Personally I knew it would be quite a transition but was sure I could do it. After all, I had been monogamous for almost a decade even when sex was as scarce as it can get…
Having been single for two years meant I got used to do some things automatically. Like scan a bar for Asian guys in under a second after entering and being aware of any movements while basically filtering out anybody else besides my friends.
And at the beginning I would still do that when I went out with JF, it wasn’t a conscious act, just what I had got used to do… but I found myself doing it all the time and tried to reduce it or make it less obvious. Not the stuff that inspires confidence from your bf, even if you won’t do anything other than look!

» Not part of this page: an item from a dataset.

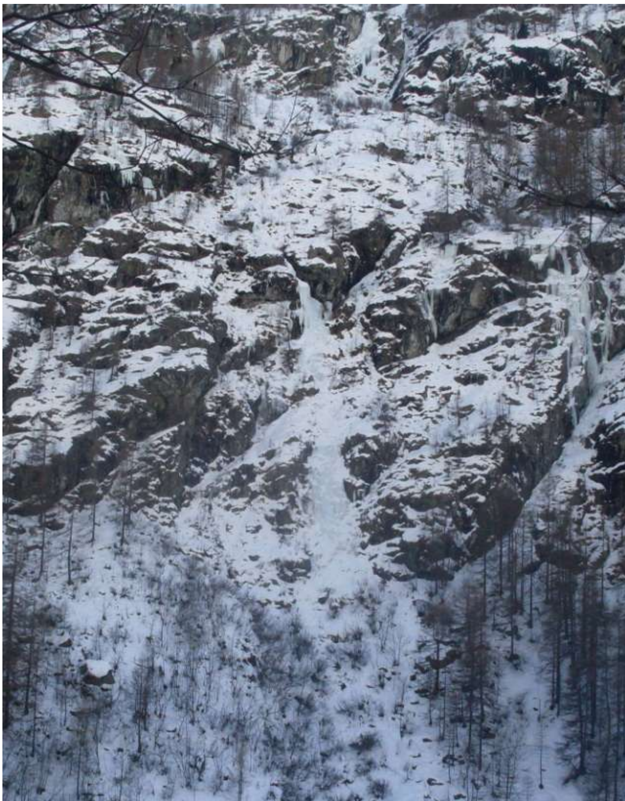
Cascata vista dal parcheggio con al centro la candela (Foto Gennaio 2011)

Equally, I still have the same tastes as before so I do like having a look around online. I no longer intend to date or have sex with them, just some window shopping.
I must confess, at the beginning I didn’t have it totally clear. I had all these people I’d been chatting both in London as well as in some of the destinations I was planning to visit. And after all the time spent giving them up wasn’t an easy thought.
At the very beginning I thought I could just keep the ones for trips but I realised that wouldn’t be a good idea. Now, I could potentially meet them if I travel there on my own but I wouldn’t go beyond friendship. Unfortunately I still want to visit many places but JF doesn’t really have the days to do those trips with me and going alone and not meeting anyone at all it’s not quite as enticing as it was before but I still want to visit those places.
So I have pretty much settled into monogamy. JF is not into an open relationship, he’s actually quite the jealous kind, and having agreed to be monogamous with him it’s not a promise I want to break.